*ASSIGNED TASK*.
From the line below that contains "Classic, beautiful sterling" to the line that contains "8月20日,江西庐山抗战博物馆内,两岸黄埔后代、高校学生追寻抗战记忆。", repeat every line exactly, both ends included, and nothing else.

═══ DATA FOR REVIEW ═══

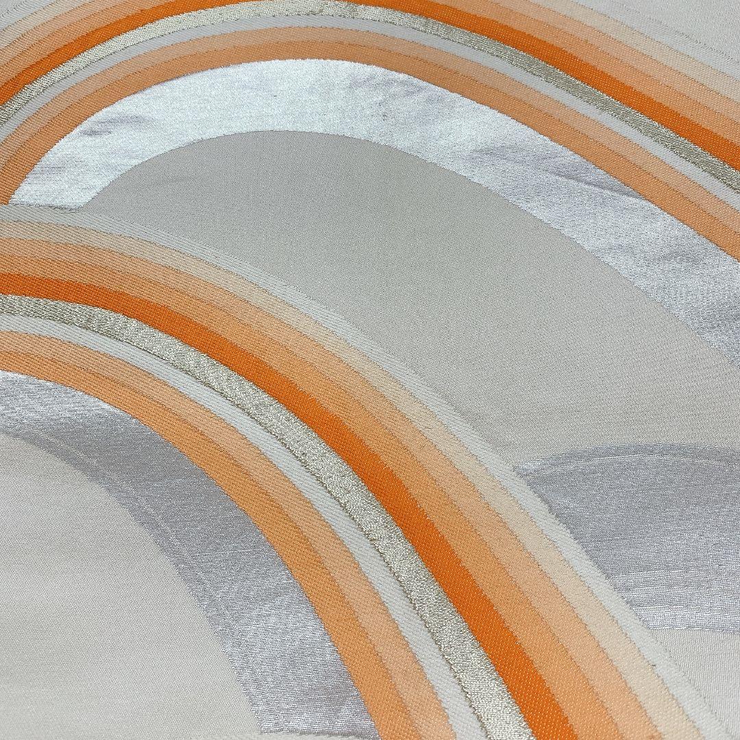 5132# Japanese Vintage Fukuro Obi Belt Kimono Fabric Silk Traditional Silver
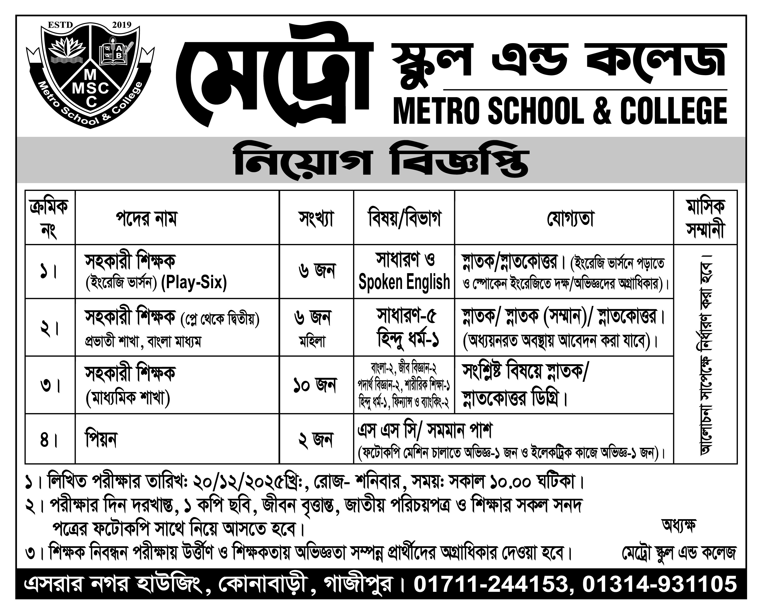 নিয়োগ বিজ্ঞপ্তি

═══
═══ DATA FOR REVIEW ═══

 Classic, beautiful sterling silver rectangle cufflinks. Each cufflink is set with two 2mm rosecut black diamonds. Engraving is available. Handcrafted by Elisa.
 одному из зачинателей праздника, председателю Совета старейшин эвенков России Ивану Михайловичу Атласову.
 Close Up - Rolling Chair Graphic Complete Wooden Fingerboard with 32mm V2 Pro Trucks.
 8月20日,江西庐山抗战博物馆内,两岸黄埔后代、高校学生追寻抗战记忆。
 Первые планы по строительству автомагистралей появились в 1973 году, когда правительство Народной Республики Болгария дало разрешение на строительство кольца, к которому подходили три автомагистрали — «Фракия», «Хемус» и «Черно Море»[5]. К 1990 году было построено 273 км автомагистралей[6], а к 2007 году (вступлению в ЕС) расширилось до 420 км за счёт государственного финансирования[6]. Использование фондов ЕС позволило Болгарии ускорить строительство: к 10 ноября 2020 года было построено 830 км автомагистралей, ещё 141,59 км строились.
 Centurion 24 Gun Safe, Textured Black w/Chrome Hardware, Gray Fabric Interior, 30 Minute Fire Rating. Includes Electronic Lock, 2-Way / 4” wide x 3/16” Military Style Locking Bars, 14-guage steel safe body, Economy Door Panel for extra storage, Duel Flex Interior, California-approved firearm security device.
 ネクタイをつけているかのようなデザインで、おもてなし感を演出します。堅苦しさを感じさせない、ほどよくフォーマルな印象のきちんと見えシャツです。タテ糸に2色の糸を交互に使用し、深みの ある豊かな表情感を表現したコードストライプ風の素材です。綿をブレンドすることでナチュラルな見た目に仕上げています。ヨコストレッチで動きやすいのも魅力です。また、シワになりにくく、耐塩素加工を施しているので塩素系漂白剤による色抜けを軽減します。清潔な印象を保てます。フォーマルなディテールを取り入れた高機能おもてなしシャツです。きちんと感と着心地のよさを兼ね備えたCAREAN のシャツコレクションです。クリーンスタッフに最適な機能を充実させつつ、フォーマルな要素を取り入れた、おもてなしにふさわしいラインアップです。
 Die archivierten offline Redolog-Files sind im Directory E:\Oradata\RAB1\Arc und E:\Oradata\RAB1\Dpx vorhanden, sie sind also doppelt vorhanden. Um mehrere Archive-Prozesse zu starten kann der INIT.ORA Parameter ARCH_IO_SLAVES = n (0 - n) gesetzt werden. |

═══
═══ DATA FOR REVIEW ═══

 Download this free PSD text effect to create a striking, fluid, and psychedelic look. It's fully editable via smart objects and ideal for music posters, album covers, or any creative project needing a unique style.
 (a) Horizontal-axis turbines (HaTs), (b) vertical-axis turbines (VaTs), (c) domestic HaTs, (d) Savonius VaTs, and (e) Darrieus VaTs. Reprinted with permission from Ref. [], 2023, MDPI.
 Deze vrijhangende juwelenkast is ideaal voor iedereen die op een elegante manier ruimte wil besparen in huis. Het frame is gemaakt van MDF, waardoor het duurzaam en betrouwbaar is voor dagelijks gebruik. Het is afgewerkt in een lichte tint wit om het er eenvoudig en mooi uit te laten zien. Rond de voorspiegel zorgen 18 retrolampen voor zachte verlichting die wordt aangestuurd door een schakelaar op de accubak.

═══

*PROBLEM SOLUTION*.
 Classic, beautiful sterling silver rectangle cufflinks. Each cufflink is set with two 2mm rosecut black diamonds. Engraving is available. Handcrafted by Elisa.
 одному из зачинателей праздника, председателю Совета старейшин эвенков России Ивану Михайловичу Атласову.
 Close Up - Rolling Chair Graphic Complete Wooden Fingerboard with 32mm V2 Pro Trucks.
 8月20日,江西庐山抗战博物馆内,两岸黄埔后代、高校学生追寻抗战记忆。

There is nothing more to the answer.